§ **WHAT YOU HAVE TO DO**
Your task is to give the listing below back word for word, pictures excluded.

§ **INFORMATION SHOWN**
>>
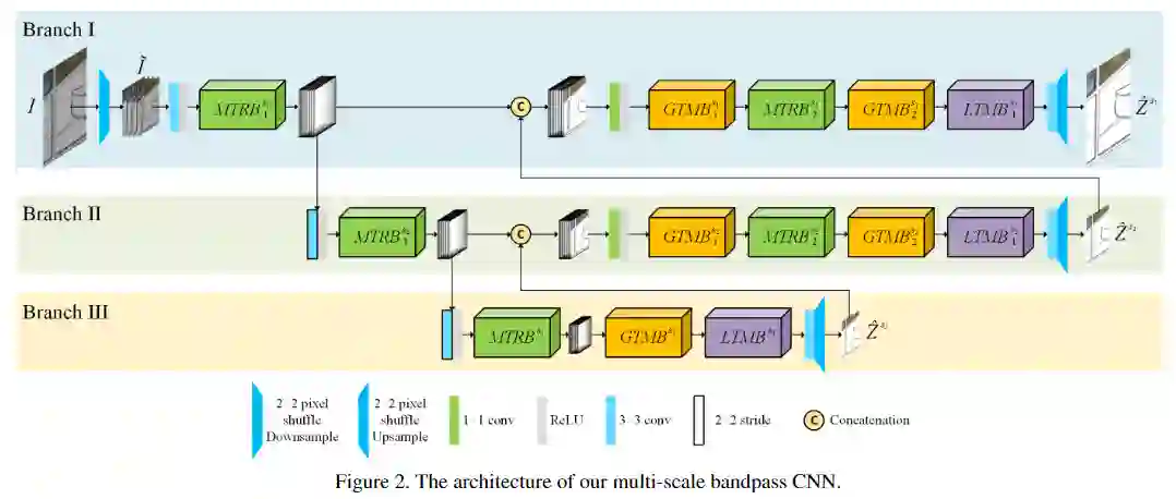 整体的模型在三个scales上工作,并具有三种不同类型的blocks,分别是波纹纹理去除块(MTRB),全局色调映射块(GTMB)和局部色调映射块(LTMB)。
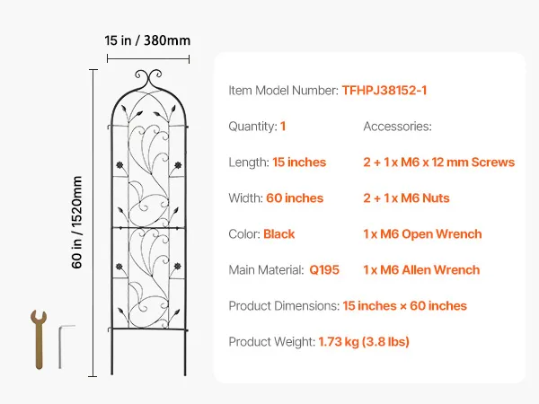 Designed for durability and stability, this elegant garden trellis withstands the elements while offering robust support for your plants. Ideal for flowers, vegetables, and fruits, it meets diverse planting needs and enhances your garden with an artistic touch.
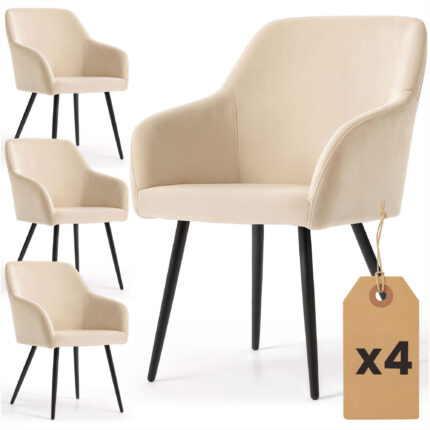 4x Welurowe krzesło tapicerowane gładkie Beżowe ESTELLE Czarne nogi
<<
§ **SOLUTION**
 整体的模型在三个scales上工作,并具有三种不同类型的blocks,分别是波纹纹理去除块(MTRB),全局色调映射块(GTMB)和局部色调映射块(LTMB)。
 Designed for durability and stability, this elegant garden trellis withstands the elements while offering robust support for your plants. Ideal for flowers, vegetables, and fruits, it meets diverse planting needs and enhances your garden with an artistic touch.
 4x Welurowe krzesło tapicerowane gładkie Beżowe ESTELLE Czarne nogi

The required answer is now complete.